» Directions for this task
The whole listing is to be restated word for word with no images.

── Supplied material

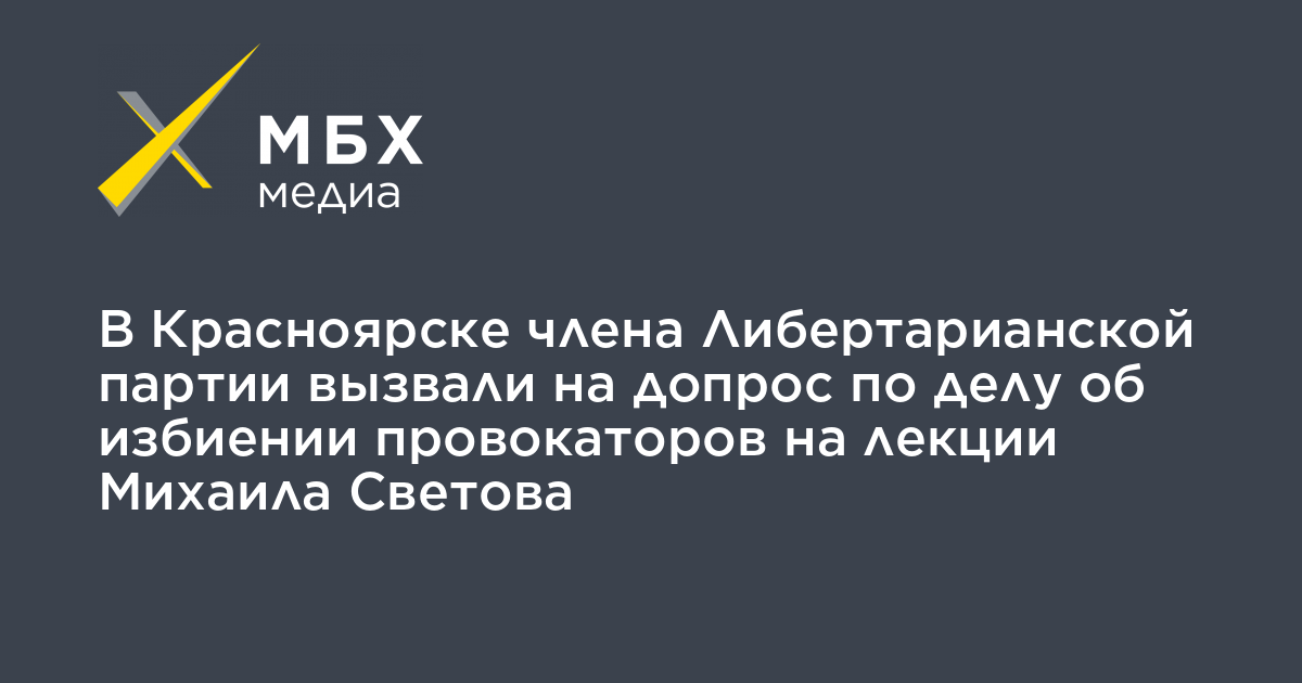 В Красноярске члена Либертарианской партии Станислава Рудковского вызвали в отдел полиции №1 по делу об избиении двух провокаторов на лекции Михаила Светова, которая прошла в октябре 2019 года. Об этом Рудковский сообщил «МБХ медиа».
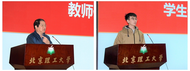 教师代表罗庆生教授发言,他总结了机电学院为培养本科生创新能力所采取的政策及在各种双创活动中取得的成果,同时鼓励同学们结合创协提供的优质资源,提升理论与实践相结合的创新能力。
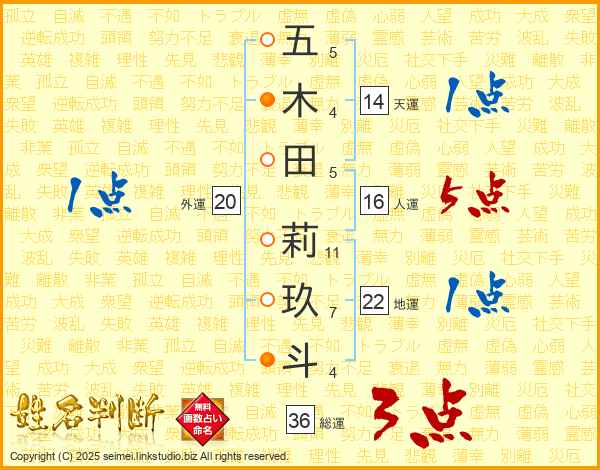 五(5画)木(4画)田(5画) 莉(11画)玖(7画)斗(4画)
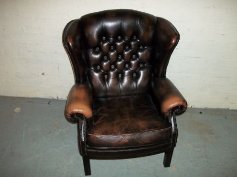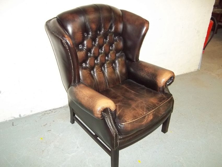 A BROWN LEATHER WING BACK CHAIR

────

» The answer
 В Красноярске члена Либертарианской партии Станислава Рудковского вызвали в отдел полиции №1 по делу об избиении двух провокаторов на лекции Михаила Светова, которая прошла в октябре 2019 года. Об этом Рудковский сообщил «МБХ медиа».
 教师代表罗庆生教授发言,他总结了机电学院为培养本科生创新能力所采取的政策及在各种双创活动中取得的成果,同时鼓励同学们结合创协提供的优质资源,提升理论与实践相结合的创新能力。
 五(5画)木(4画)田(5画) 莉(11画)玖(7画)斗(4画)
 A BROWN LEATHER WING BACK CHAIR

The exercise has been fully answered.